Abstract

Abstract Introduction Acute myocardial infarction (AMI) is a rare but often lethal consequence of a blunt cardiac trauma. Falls leading to coronary artery dissections are rare, thus underlining the lack of experience in their management. Case report description: a 55–year–old male patient with type 2 diabetes and no relevant past medical history was admitted to our hospital facility after a 30–meter fall during rock–climbing. On arrival, he was hemodynamically and neurologically stable. He underwent a full trauma evaluation: multiple facial bones fractures were diagnosed. An electrocardiogram revealed a QS morphology of the QRS and ST elevation in the precordial lead from V1 to V3 with reciprocal ST depression in the inferior leads. High sensitivity (hs) Troponin T was slightly elevated (49 ng/L, normal values <14 ng/L). A cardiac ultrasound documented a left ventricular dysfunction (LVEF 40%) with akinesia of mid–apical antero–septal and anterior walls. Biomarkers further increased with Troponin reaching 199 ng/L and creatinine phosphokinase–MB 24,7 ug/L (normal value <5 ug/L).
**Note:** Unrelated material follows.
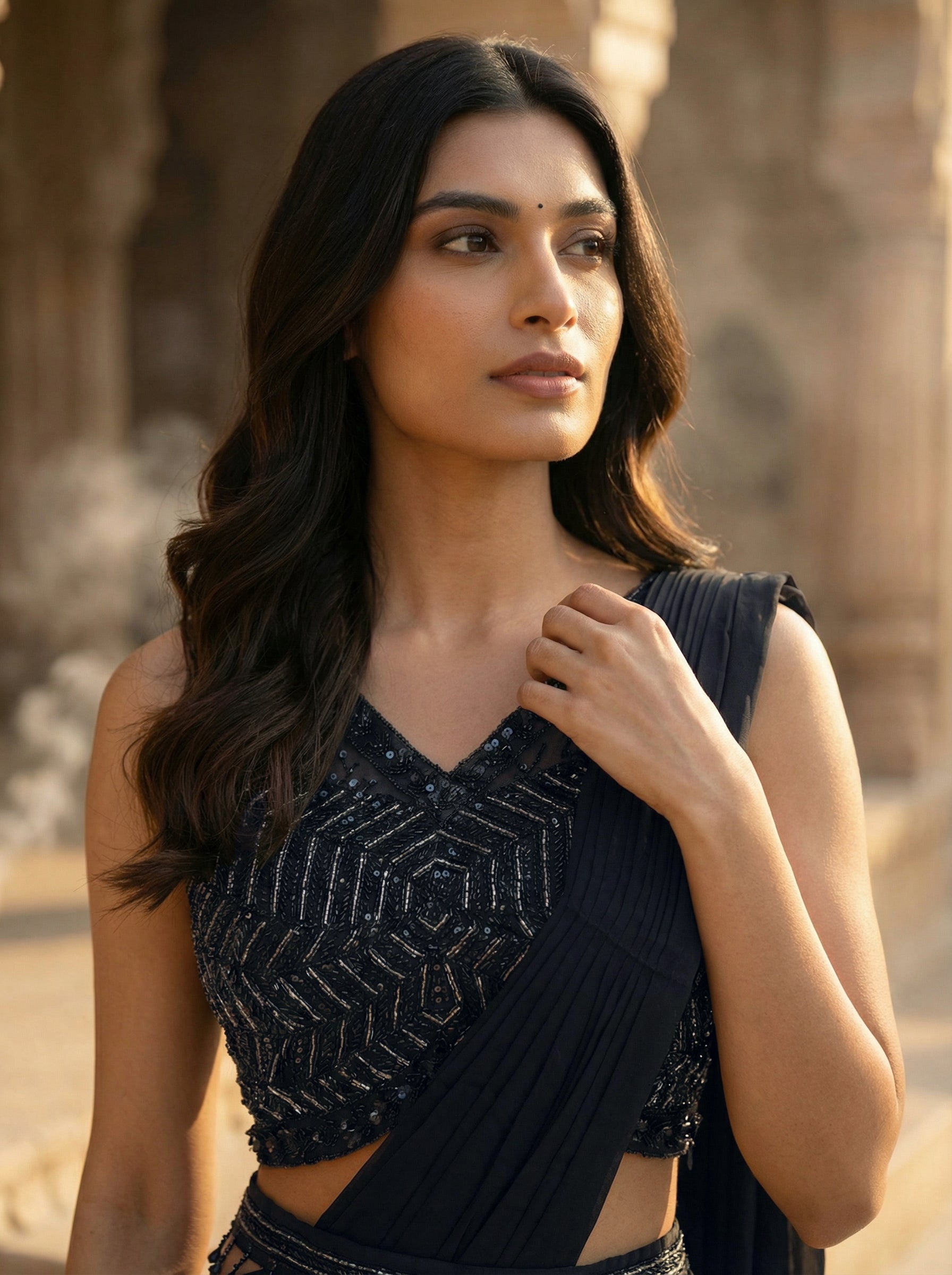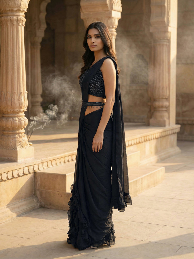Black Flared Ready To Wear Saree With V Necked Blouse Elevate your ethnic wardrobe with this sophisticated black flared saree, expertly crafted for modern convenience. The ready-to-wear design eliminates styling complexity, allowing you to transition seamlessly from day to evening occasions. Intricate beadwork adorns the fabric, adding dimensional elegance and visual depth. The accompanying V-necked black blouse complements the saree's silhouette while offering a flattering neckline that enhances your features. Perfect for weddings, celebrations, or formal gatherings, this piece combines traditional craftsmanship with contemporary ease of wear.

Coronary angiography demonstrated proximal occlusion of the left anterior descending (LAD) coronary artery with an image consistent with traumatic coronary artery dissection, confirmed by a cardiac CT scan showing the proximal occlusion of the LAD with retrograde perfusion of its downstream portion. Considering the left ventricular dysfunction, the elevation of cardiac biomarkers (peak CK–MB 187 ug/L, peak hs troponin T 5400 ng/L) and the acceptable hemorrhagic risk in spite of the need for facial surgery, a coronary angioplasty was performed. A dual antiplatlet therapy with acetilsalicidic acid and clopidogrel began. Nine days later the patient underwent the maxillo–facial surgery: clopidogrel was stopped provisionally and a bridge strategy using tirofiban was chosen. Post–operatory was uneventful. A full recovery of cardiac function was assessed after one year (LVEF of 55%). Discussion Few cases of blunt cardiac trauma with coronary artery dissections have been reported and treated successfully, with the LAD being the most frequently involved vessel (76%). If urgent non–cardiac surgery can be postponed, a percutaneus revascularization eventually followed by tirofiban as bridge therapy can be suggested, carefully considering the risk of stent thrombosis and the hemorrhagic risk conveyed by the trauma itself.